Q 35- Discuss the problems raised by India's recently issued guidelines governing cross-border electricity commerce. (250 words)
Paper & Topic: GS II à Government policies and interventions for development in various sectors and issues arising out of their design and implementation
GS III à Infrastructure: Energy, Ports, Roads, Airports, Railways etc
Model Answer:
Introduction:
India has issued new regulations governing the cross-border trade of power.
They outline the boundaries of the South Asian power market, defining who can buy from and sell to India.
This has consequences for Bangladesh's, Bhutan's, and Nepal's power markets, which have connected their energy futures with the Indian market to varied degrees.
The new guidelines aim to strike a balance between China's expanding regional influence and the region's development goals.
Body:
New cross-border electricity trade provisions:
Power plants owned by a corporation based in the nation that does not have a bilateral agreement with India on power sector cooperation are not allowed to participate under the new conditions.
The rules impose the same security constraints on tripartite trade, such as trade between Bhutan and Bangladesh via Indian territory.
The guidelines set elaborate surveillance mechanisms to detect changes in the ownership patterns of organisations trading with India, making things even more secure.
Concerns about the new rules include:
The institutional framework that has formed over the last decade as a result of this churn is India-centric. India has a geographical advantage because it is located in the heart of South Asia.
However, India's monopolistic power tendencies would irritate its neighbours, since it will stifle their economic growth.
India's vision of One Sun, One World, One Grid will be hampered by the lack of impartial institutions for planning, investment, and conflict resolution in the power trade (OSOWOG).
With intentions to expand energy ties to counter China's growing influence, cross-border energy trading is a vital aspect of the neighborhood-first policy.

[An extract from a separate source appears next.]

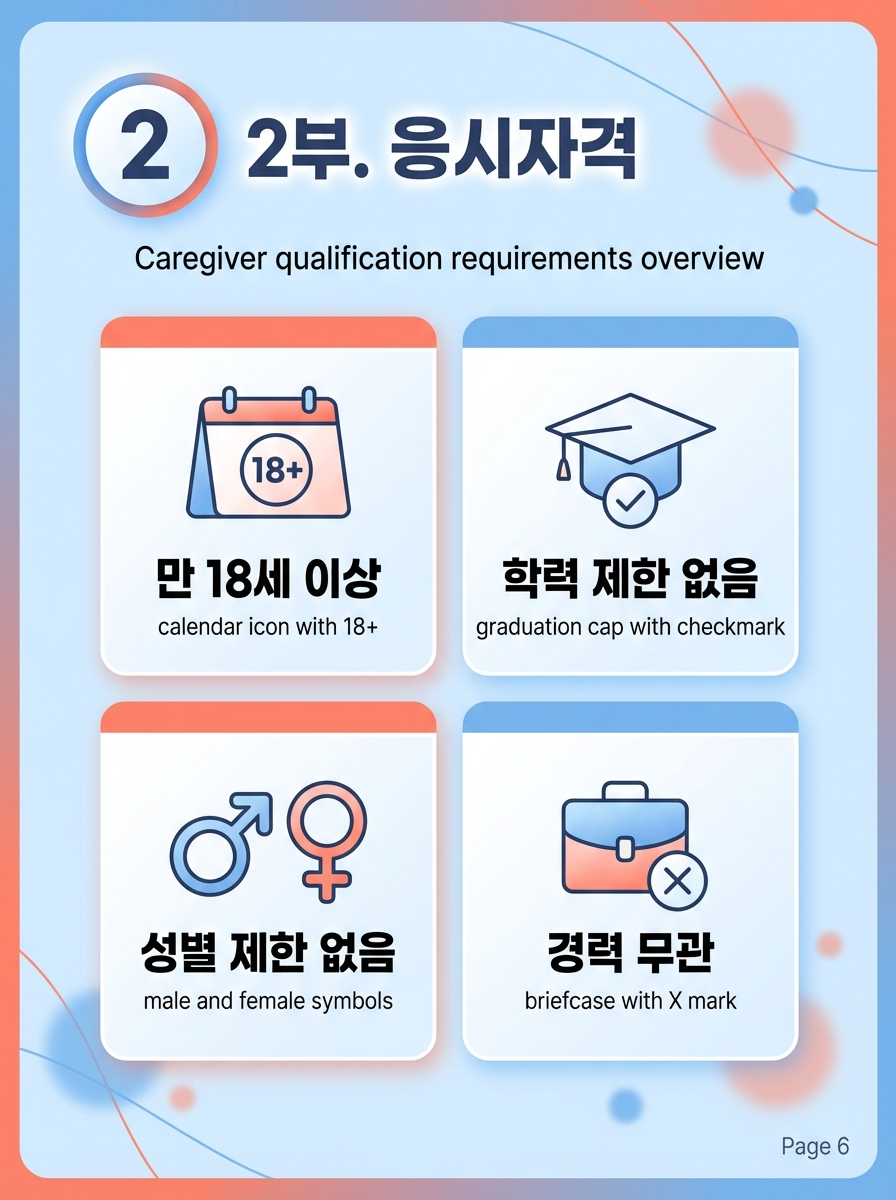 요양보호사 자격증 취득방법의 첫 단계는 응시자격을 확인하는 것입니다. 2026년 현재, 요양보호사 응시자격은 매우 간단합니다. 만 18세 이상이면 나이, 성별, 학력, 경력에 제한 없이 누구나 응시할 수 있습니다.

However, it may harm India's soft influence among its smaller neighbours.
India's regional leadership may not flourish without a standard-based approach, which could have an impact on other global endeavours by its neighbours who may be hesitant to trust India.
Steps to take:
By establishing criteria that investors and utilities can prepare for and profit from, an appealing institutional model can entice countries to join the pool.
Countries are consequently unlikely to defect to other pools once they have been locked in.
The most likely initial battleground will be Southeast Asia, where China currently reigns supreme. A well-thought-out, durable institutional architecture will almost certainly outperform everything China has to offer.
It's worth thinking about loosening the vice-like grip on South Asia, which is intended at fighting China, by establishing a rule-based regional institution that can counter Chinese offerings in other arenas.
Conclusion:
India could develop an appealing institutional model by establishing norms that benefit both investors and utilities.
India must establish a regional organisation based on rules to counter Chinese offerings in other arenas.